We also encoded the second test video set in four different R-D points (QP value of 10, 20, 30, 40 for CQP) by the three algorithms to compare the algorithms by R-D graphs and also by the Bjontegaard difference measures. The R-D graphs for the long sequence of Blowing bubbles-Basketball pass is shown in Fig. 4. The graphs show a little higher R-D performance for the proposed algorithm. Table 5 presents computed Bjontegaard Delta PSNR and Delta Rate between the proposed algorithm and the other algorithms for concatenated sequences. Small positive values for Delta PSNR and negative values for Delta Rate in Table 5 mean a little higher R-D performance for the proposed algorithm.
As sample results, detailed graphical experimental results including buffer fullness, PSNR, and QP for Flower vase and Racehorses-Keiba are presented in Figs. 5 and 6, respectively.

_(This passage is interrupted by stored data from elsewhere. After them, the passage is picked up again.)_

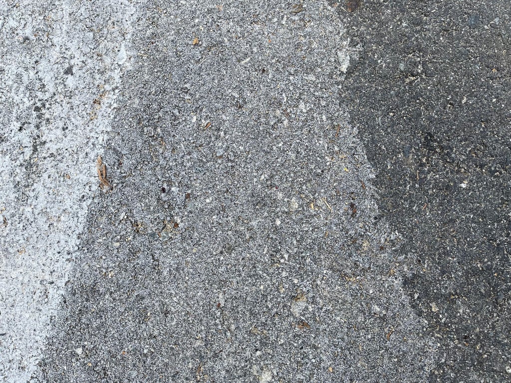 Varying levels of salt brine are bonded to asphalt outside the Andover DPW garage. When the liquid salt brine is sprayed on local roads before storms, the water quickly evaporates, leaving a thin layer of salt bonded to the asphalt. (Photo Courtesy Andover Department of Public Works)
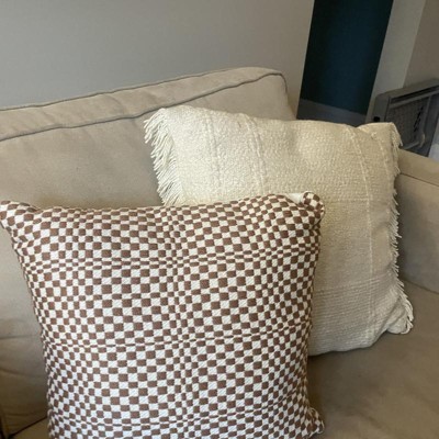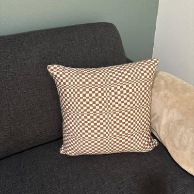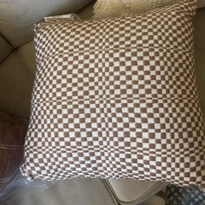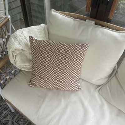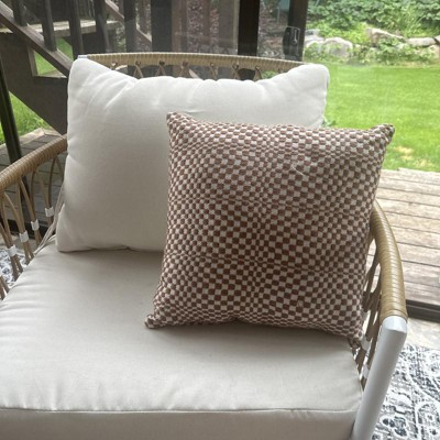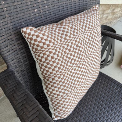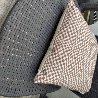 18"x18" Retro Checker Woven Square Outdoor Throw Pillow Brown - Threshold™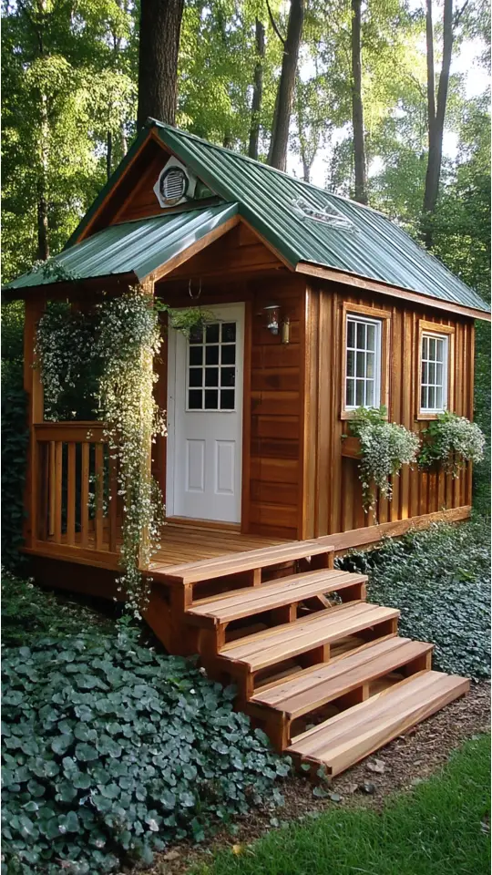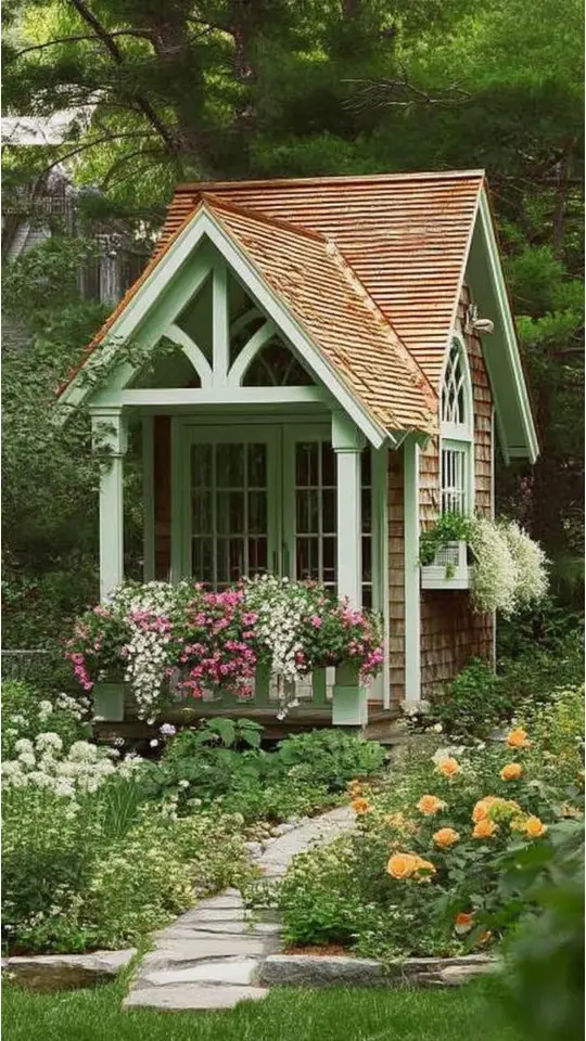 A cute garden shed covered in flowers feels like a dream come true. The bright blooms create an inviting and cheerful space. I love decorating mine with window boxes filled with colorful plants.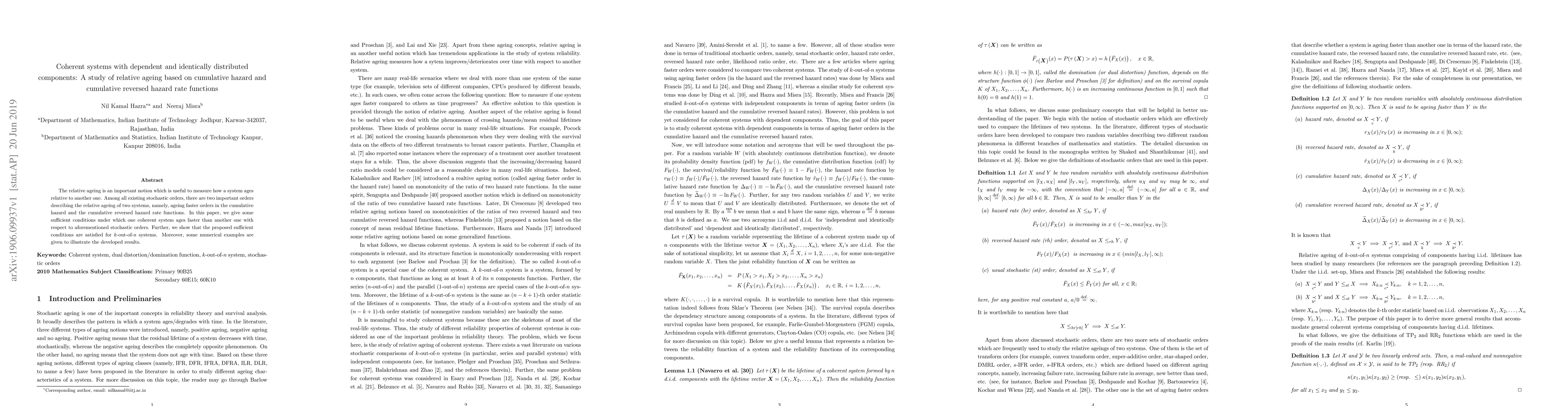 This paper explores relative ageing in coherent systems using cumulative hazard and cumulative reversed hazard rate functions, providing sufficient conditions for one system to age faster than another. It demonstrates these conditions apply to $k$-out-of-$n$ systems and includes numerical examples to illustrate the findings.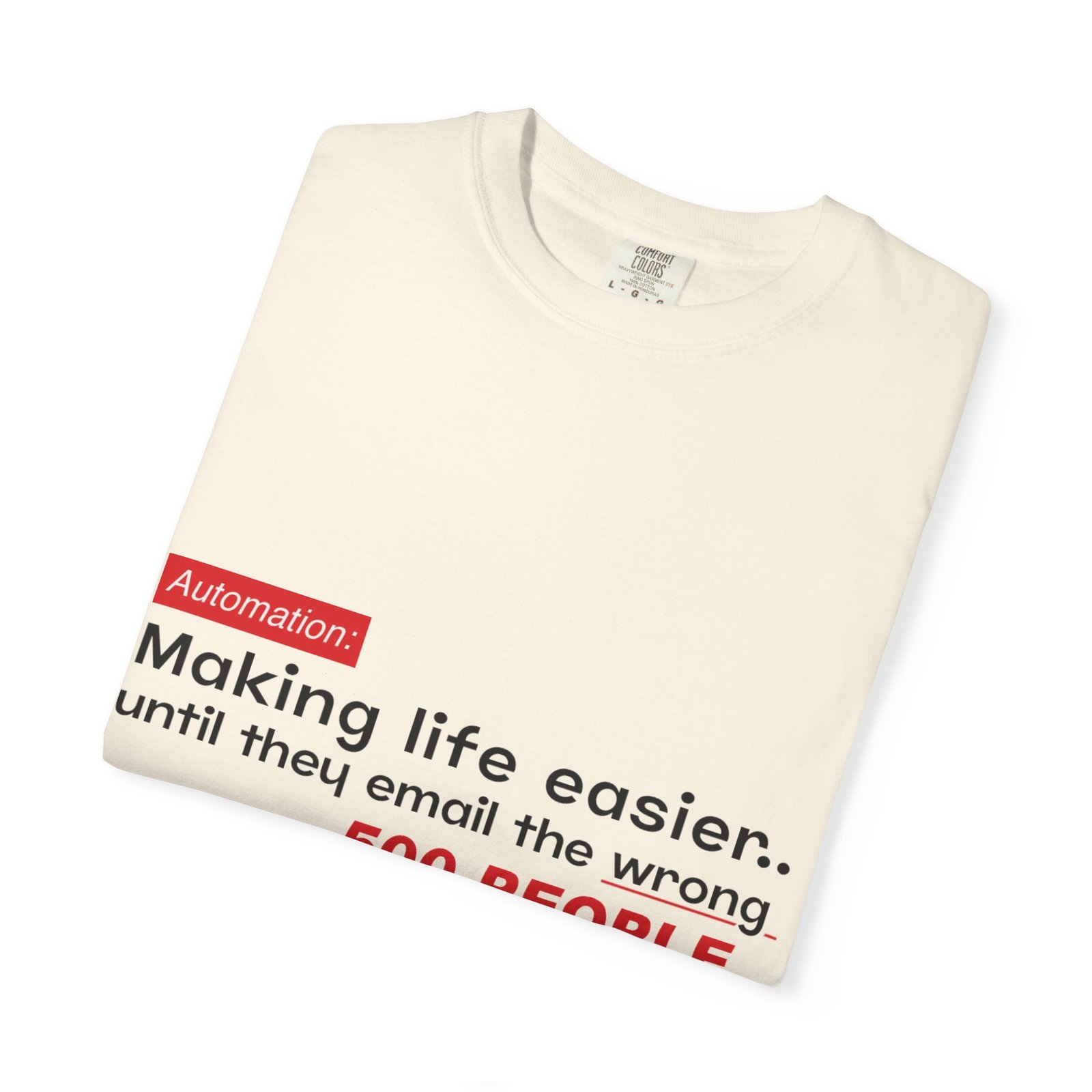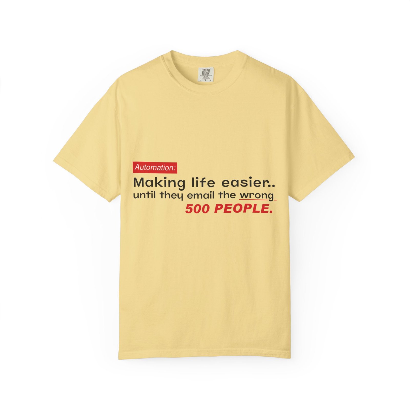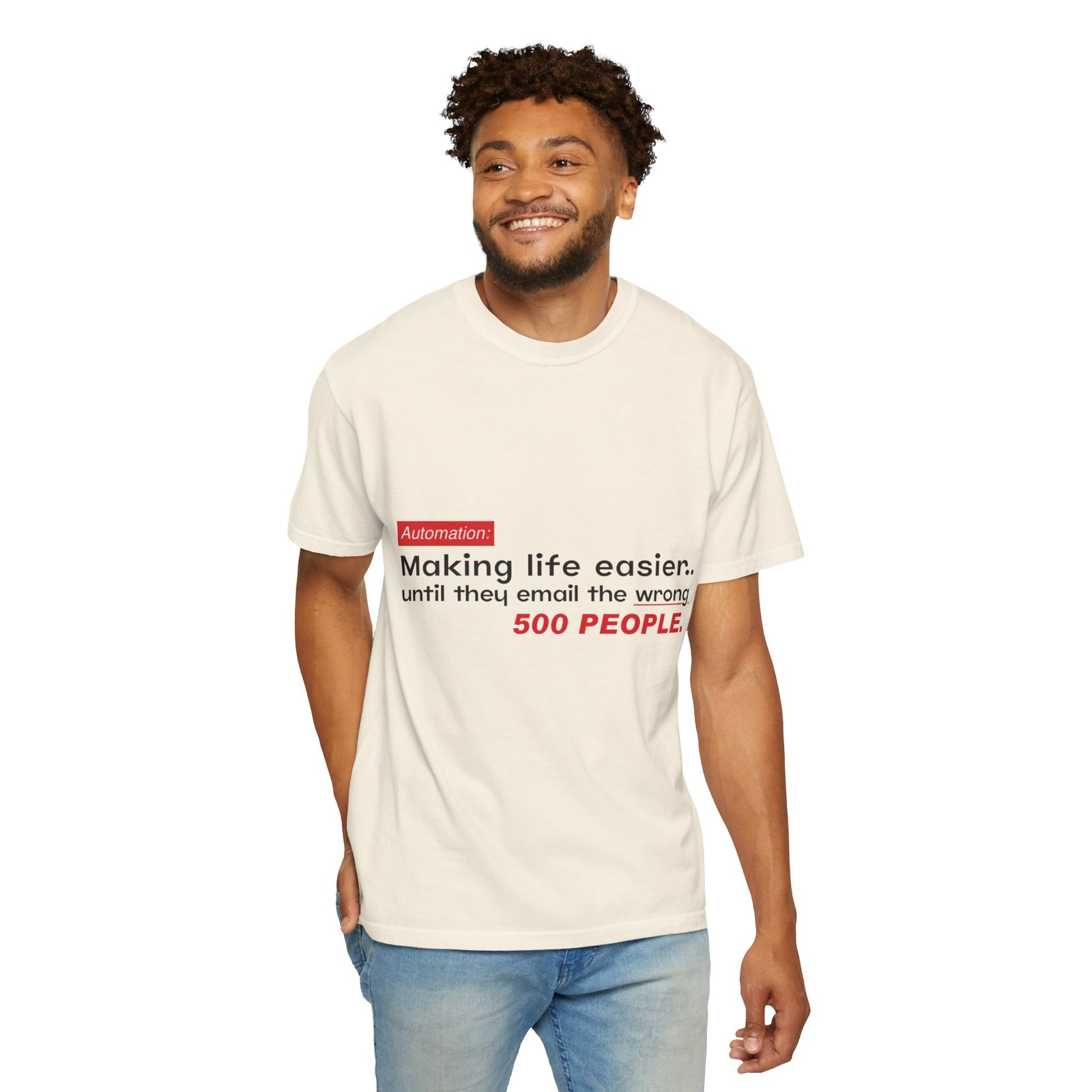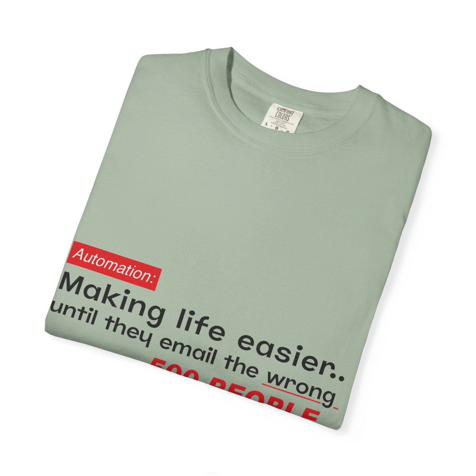 A relaxed, garment-dyed cotton tee that speaks to the quietly defiant: simple, comfortable, and a little bit clever. The soft, washed color and heavyweight, pre-shrunk fabric give this shirt a lived-in feel from day one. A minimalist front print — a small, witty line about automation and the chaos of human error — sits low-key on a clean canvas, so the message reads like an inside joke among coworkers, dev teams, and anyone who builds systems that are supposed to make life easier. Wear it to stand meetings, coffee runs, or late-night debugging sessions; it settles into your rotation and keeps earning compliments for being both comfortable and smartly sarcastic.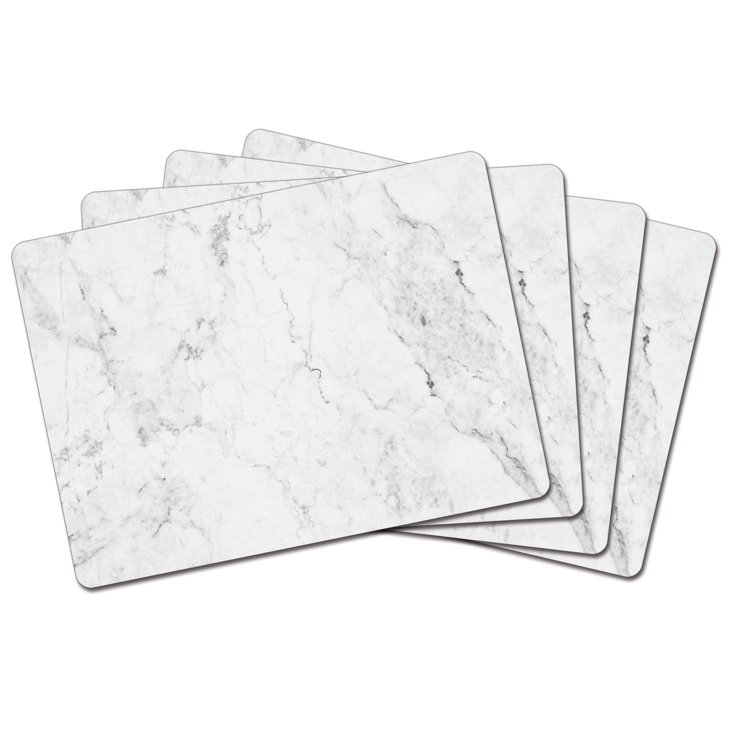 Cala Home White Marble Design Premium Decorative Hardboard Placemats 4 Pack Manufactured in the USA

As shown in the figures, encoded bit streams by the proposed RC algorithm completely obeyed the buffer constraint with no buffer over flow and underflow while provided bit streams by the other algorithms caused buffer overflow and underflow insome points.
Conclusion
In this paper a novel video rate control algorithm for the new HEVC/H.265 video coding standard is proposed. The proposed algorithm is optimized for variable bit rate video applications with buffer constraint. The algorithm utilizes a fuzzy controller and a virtual buffer that simulates a decoder buffer at the receiver side of a communication channel with a constant bandwidth. The fuzzy controller uses two input feedback signals including the buffer fullness and resulting bit rate to compute a QP for each picture. Unlike conventional rate control algorithm, the fuzzy controller computes the changes of QP regarding to the used QP for encoding previous picture. In fact, in each operating point in R-D space the QP is used as a reference for the controller. While QP includes information from rate and from quality at the same time, it allows controller to operate in a wide area in R-D space. The fuzzy controller is designed to minimized the fluctuation of QP and thereafter improve the visual quality. Experimental results show that encoded bit streams by the proposed fuzzy rate control algorithm completely obeyed the buffer constraint while the quality in terms of average PSNR is preserved. In comparison with the HM rate control algorithm, the proposed controller provided higher PSNR, lower buffering delay, and lower PSNR standard deviation for tested videos.